Kesederhanaan adalah kekuatan utama karya Ibu Sud. Liriknya lugas, mudah diingat. Melodinya pun simpel. Sehingga mudah diterima anak, terutama pada masanya.
Namun kesederhanaan bisa jadi pedang bermata dua, apalagi di konteks hari ini. Dunia nyata tidak selalu sederhana, dan tentu tidak melulu ceria.
Ada spektrum emosi lain. Sedih, marah, takut, juga kecewa. Anak perlu mengenal semua itu.
Apakah lagu yang ceria saja cukup? Kalau fokusnya hanya keindahan, bisa jadi anak tidak cukup dibekali.
Mereka butuh sarana belajar yang juga membantu mengolah perasaan sulit. Agar lebih siap menghadapi dunia yang kian kompleks.

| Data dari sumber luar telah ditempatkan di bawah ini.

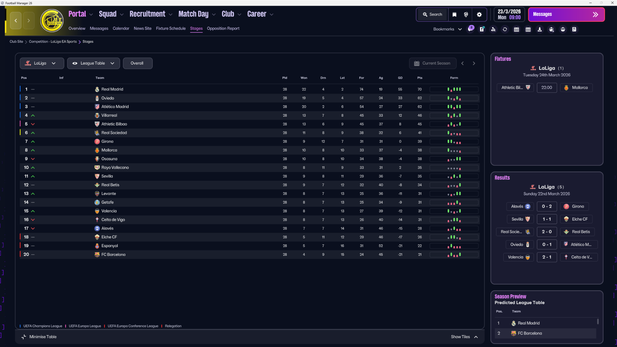 2. League table (at least one season for all teams mentioned in the test) – this is because some users in the past showed a results table with an average team and then a cup competition view where they won quadruples with big teams – this was misleading
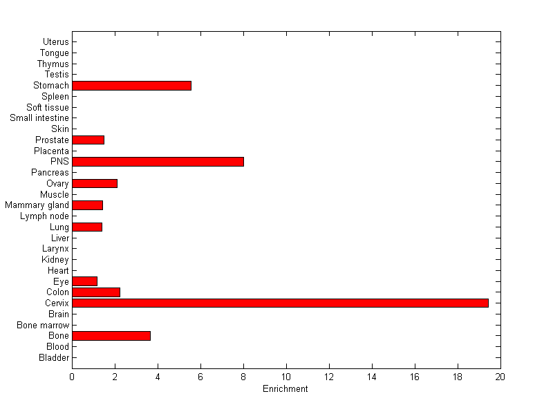 The expression level is normalized with tissue-library size. Each value for a gene in a tissue is a ratio of observed ESTs to the expected one in this tissue. The expected number of ESTs is the product of total ESTs of the gene and the fraction of total ESTs in the tissue among all ESTs in 30 tissues.
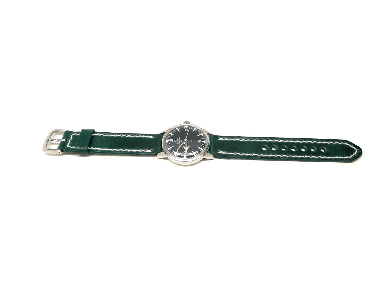 • Description: This one of a kind, individually named watch strap is handmade from genuine Green Horween Shell Cordovan leather and is paired with a finely finished stainless steel buckle, that is guaranteed to enhance your watch. Shell Cordovan is the art of tanning at its finest, taking irregular oval shaped shells and tanning, stuffing, shaving, then polishing – a process taking at least six months to complete at the world famous Horween tannery in Chicago, IL. This intense process gives the leather its unique properties that make it like no other. The results yield some of the finest leather known to man. You simply cannot find better leather! That same care, quality and attention to detail is clear throughout each strap as we mirror their attention to detail in each watch strap we produce. We hand stitch every strap using the strongest wax linen thread for added durability, use precise finishing techniques and give meticulous attention to detail so each strap is built to last using only the finest materials available. Enhance your watch with this luxurious shell cordovan leather watch strap, it will give years of all-day comfort and style.
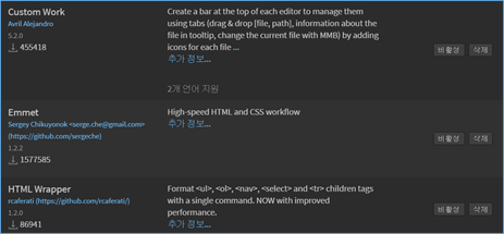배터리 모양 클릭 후 ' Emmet ' 플러그인 설치
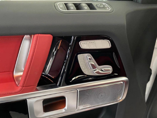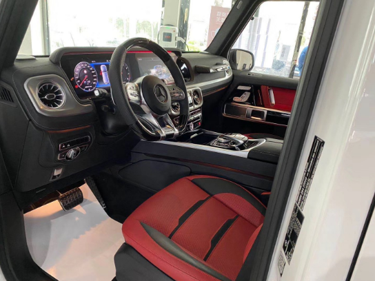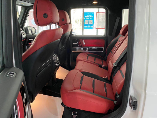 20款奔驰G63AMG车内用料以真皮为主,部分碳纤维及铝合金装饰件。如今的G级是纯粹的豪华车了,跟那些纯粹越野车不一样的,车内配置很高,像这个座椅除了各种电动调 节功能外,还带有腰托、腿托以及加热、通风、记忆功能。座椅还是很厚实,都是真皮材质,有菱格纹的走线,红黑配色的座椅也是这台Edtion版的 特色所在。
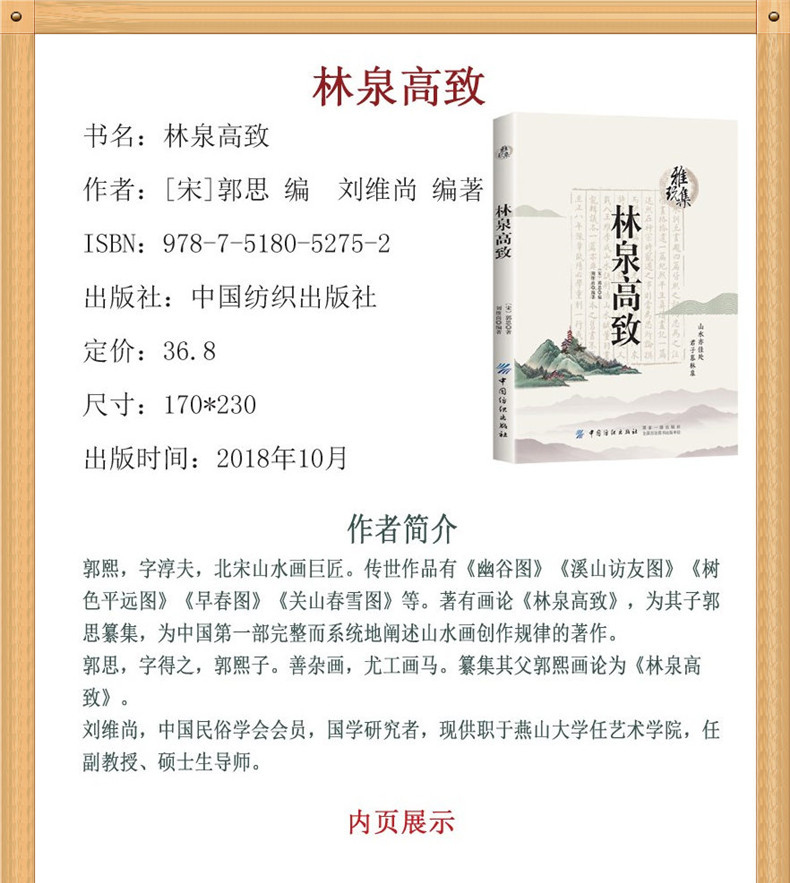 雅玩集:林泉高致 山水画创作鉴赏论著 北宋山水画巨匠郭熙 教学 水墨画艺术爱好者读物中国古诗词 中国古典小说、诗词 文学
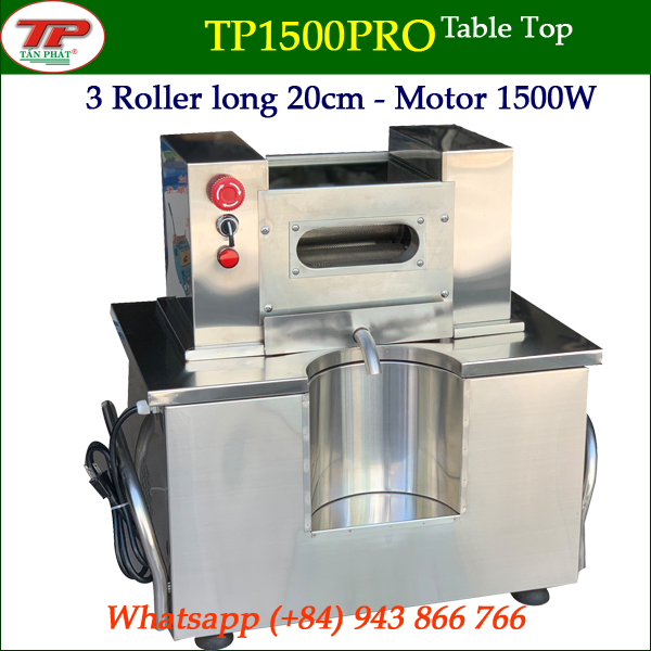 TP1500PRO sugarcane juicer machine - table top is one of the options for heavy use such as used in churches, shopping malls, bottled sugarcane juice,.... etc TP1500PRO suagrcane machine designed 3 diamond stainless steel roller - strong - 20cm long roller and 1500W motor so it can operate with multiple sugarcane at the same time without fear of being stopped.
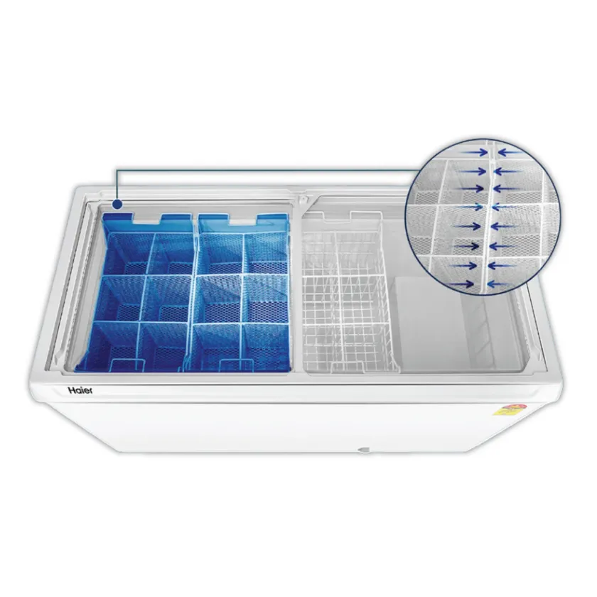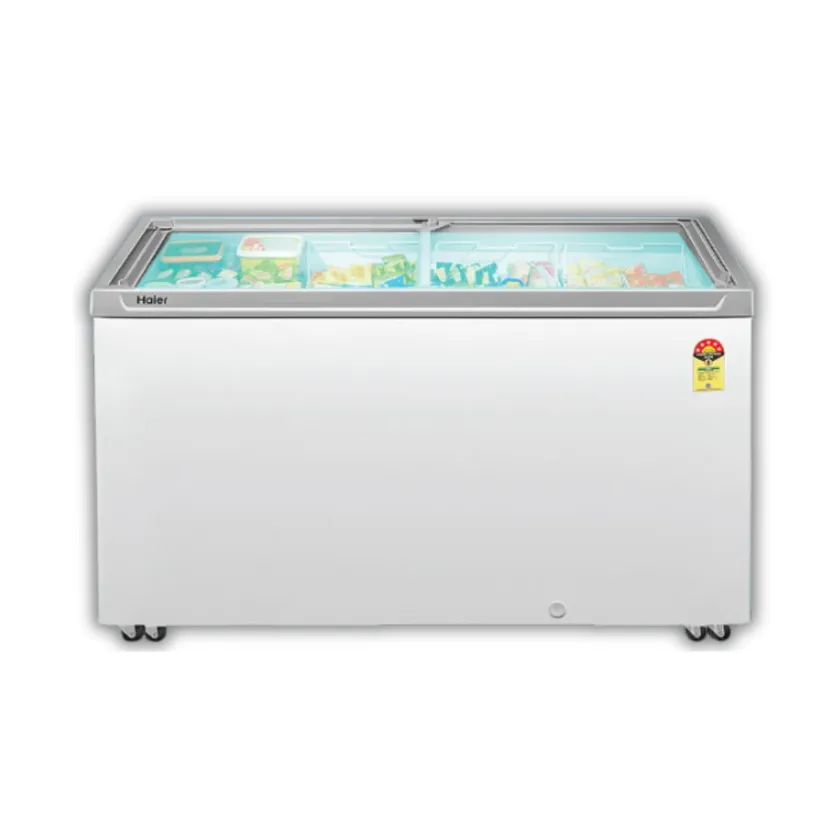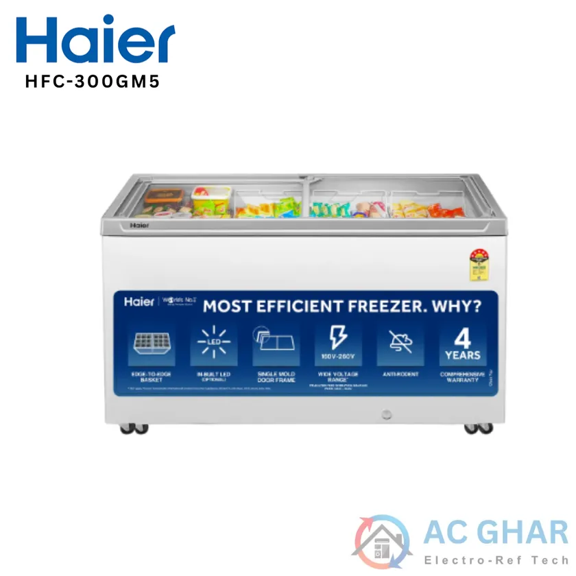 The Haier 300 Liters Sliding Door Chest Freezer – HFC-300GM5 is a high-capacity, energy-efficient freezer designed for commercial and home use. With a durable glass top, powerful cooling below −18°C, and a 5-star rating, it ensures reliable frozen storage with low power consumption.
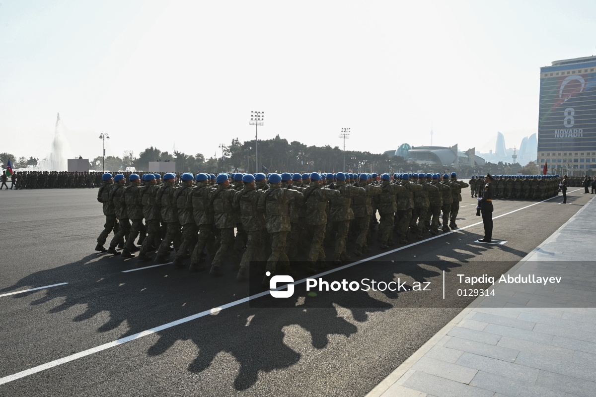 Noyabrın 8-də Bakının Azadlıq meydanında Vətən müharibəsində qələbənin beşinci ildönümünə həsr olunmuş hərbi parad keçirilib. Azərbaycan Respublikasının Prezidenti İlham Əliyev, birinci xanım Mehriban Əliyeva, Türkiyə Respublikasının Prezidenti Rəcəb Tayyib Ərdoğan, Pakistan İslam Respublikasının Baş naziri Məhəmməd Şahbaz Şərif paradda iştirak ediblər. Azərbaycanın, Türkiyənin və Pakistanın Dövlət himnləri səsləndirilib. Ümummilli Lider Heydər Əliyevin və qəhrəman şəhidlərimizin xatirəsi 1 dəqiqəlik sükutla yad olunub. Müdafiə naziri general-polkovnik Zakir Həsənov Azərbaycan Prezidenti, Silahlı Qüvvələrin Müzəffər Ali Baş Komandanı İlham Əliyevə raport verib. Paradda Azərbaycan Respublikasının Prezidenti İlham Əliyev, Türkiyə Respublikasının Prezidenti Rəcəb Tayyib Ərdoğan və Pakistan İslam Respublikasının Baş naziri Məhəmməd Şahbaz Şərif çıxış edib. Daha sonra Silahlı Qüvvələrin şəxsi heyətinin və hərbi texnikanın təntənəli keçidi başlayıb. Hərbi Dəniz Qüvvələrinin və Dövlət Sərhəd Xidməti Sahil Mühafizəsinin döyüş gəmiləri və katerləri Xəzər dənizinin sahil sularında yüksək döyüş hazırlığı nümayiş etdirib. Bundan sonra Azadlıq meydanı üzərində Azərbaycan və Türkiyə pilotlarının iştirakı ilə Hərbi Hava Qüvvələrinə məxsus döyüş təyyarələrinin və helikopterlərin uçuşu olub.
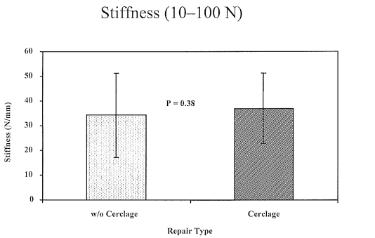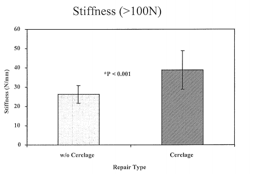 Figure 4 Mean stiffness (N/mm ± standard deviation) of the repairs in both groups between 100 Newtons and ultimate failure load. The cerclage-augmented repairs were significantly stiffer as compared to the non-augmented group, p < 0.001.

Ibu Sud berkarya pada masa kolonial, saat budaya Belanda mendominasi (Tirto.ID, 2024). Pendidikan dan hiburan anak ikut terpengaruh.
Di situ ia mengambil pilihan yang jelas. Menulis tentang alam Indonesia dan budaya sendiri.
Keputusan ini bukan sekadar estetika. Ini cara membangun identitas dan menanamkan kebanggaan nasional.
Mungkin bukan perlawanan politik yang frontal. Tetapi ia merawat nasionalisme budaya.
Dampaknya terasa efektif. Pemerintah kolonial mungkin membiarkannya karena dianggap tidak politis, tidak berbahaya.
Padahal lirik-lirik sederhana itu menyimpan makna. Ada benih cinta tanah air yang ditaburkan halus kepada generasi penerus.